The Antelope Valley Partners for Health was separately awarded $749,801 to expand programs for children victimized as a result of the opioid crisis.

“President Trump has made ending the opioid crisis a priority for this administration, and under his leadership, the Department of Justice has taken historic action,” Attorney General Jeff Sessions said in a statement. “We are attacking this crisis from every angle—and we will not let up until we bring it to an end.”

More than 72,000 Americans died of drug overdoses in 2017, up from roughly 64,000 overdose deaths in 2016, and prescription and illegal opioids are the main driver of those deaths, according to the Centers for Disease Control and Prevention.

The administration’s plan includes money for prevention, treatment and enforcement and Sessions said it would help crime victims, children, families and first responders.

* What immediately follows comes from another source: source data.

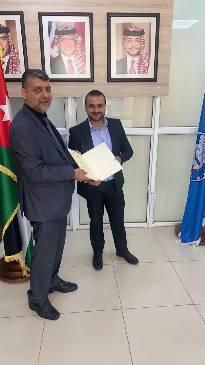 إنطلاقاً من المسيرة العلمية التي أرسى دعائمها السيد رئيس جامعة الأنبار الاستاذ الدكتور مشتاق طالب الندا المحترم وبتوجيه ودعم السيد مساعد رئيس الجامعة للشؤون العلمية الاستاذ الدكتور وسام هاشم خليل المحترم وبإشراف السيد عميد كلية العلوم الاستاذ الدكتور عصمت رمزي عبد الغفور المحترم، زار وفد من كلية العلوم – قسم علوم الحياة في جامعة الأنبار معهد تقنيات النانو في جامعة العلوم والتكنولوجيا الاردنية بتاريخ 19/9/2025 تنفيذاً لمذكرة التعاون العلمي المشترك بين الجامعتين، واستكمالاً لمتابعة إجراءات الاشراف المشترك لطلبة الدراسات العليا. وقد تكون الوفد من أ.م.د. ليث مصلح نجيب وأ.م.د. سفيان محمد شرتوح والسيد عبد الرحمن نعيم عمير، وقد التقى وفد جامعتنا مع الاستاذ الدكتور محمد علي العمري عميد المعهد والاستاذ الدكتور معتصم محمد الصمادي معاون عميد المعهد والمشرف المشارك لمناقشة تقدم خطة بحث طالبة الدكتوراه ايثار منذر عبد الوهاب وقد تم متابعة وتوضيح المسار البحثي للطالبة والوقوف على المعوقات وخطط معالجتها. وفي ختام الزيارة ونيابة عن السيد رئيس الجامعة سلم الوفد شهادة تقديرية للسيد عميد المعهد تقديرا وعرفانا للجهود المبذوله في دعم التعاون العلمي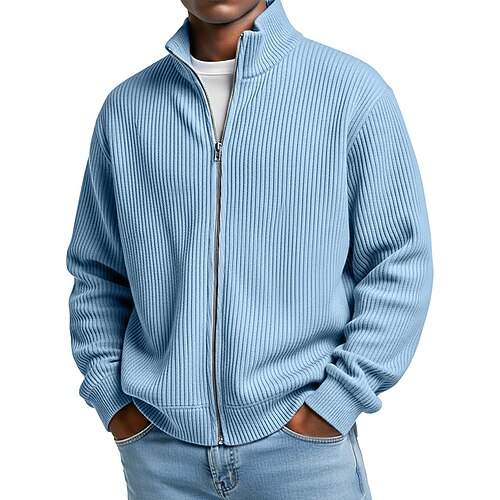 Per uomo Felpa Maglione lavorato a maglia A coste Maglia Standard Tasche Dita intere Con onde Bavero Stile dei soldi vecchi Casual / quotidiano Andare Abbigliamento Corte Primavera estate Nero Blu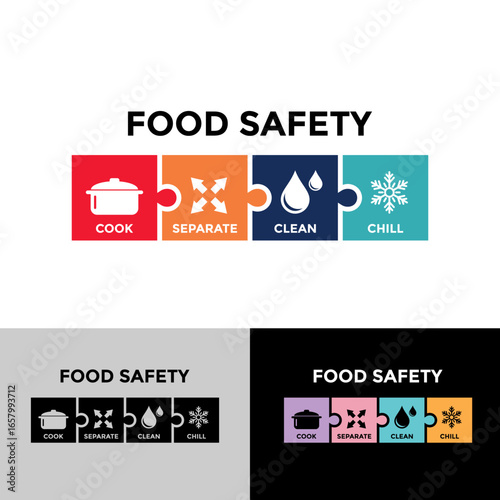 Food safety: Cook, Separate, Clean, and Chill. Presented as puzzle pieces template logo vector. Suitable for educational materials, restaurant posters, kitchen guidelines, or public health campaigns

The DOJ said it has assigned more than 300 federal prosecutors and 400 DEA task force officers to fight the drug crisis in America, leading to criminal charges in 2017 against more than 3,000 defendants for trafficking in heroin, fentanyl or prescription drugs.

Operation Synthetic Opioid Surge is a new federal program aimed at reducing the supply of deadly synthetic opioids in high impact areas and the department has also developed a data analytics program to detect abuse by doctors and pharmacies.

In addition, the administration’s “Safe Prescribing Plan” mandates a 10 percent reduction in manufacturing quotas in 2019.

Both the rate and rate of increase of opioid overdose deaths is higher in the eastern half of the United States, with the highest rates of death in West Virginia, Ohio, New Hampshire, Pennsylvania and the District of Columbia, according to the latest available data on the CDC website from 2016.

Los Angeles County was granted $500,000 to support partnerships between first responders and treatment providers plus $870,000 to leverage information from public health and public safety databases to identify potential solutions.

Research by the county’s chief medical examiner-coroner, Dr. Jonathan Lucas, found that doctors receiving such a letter wrote nearly 10 percent fewer opioid prescriptions over a three-month period following notification.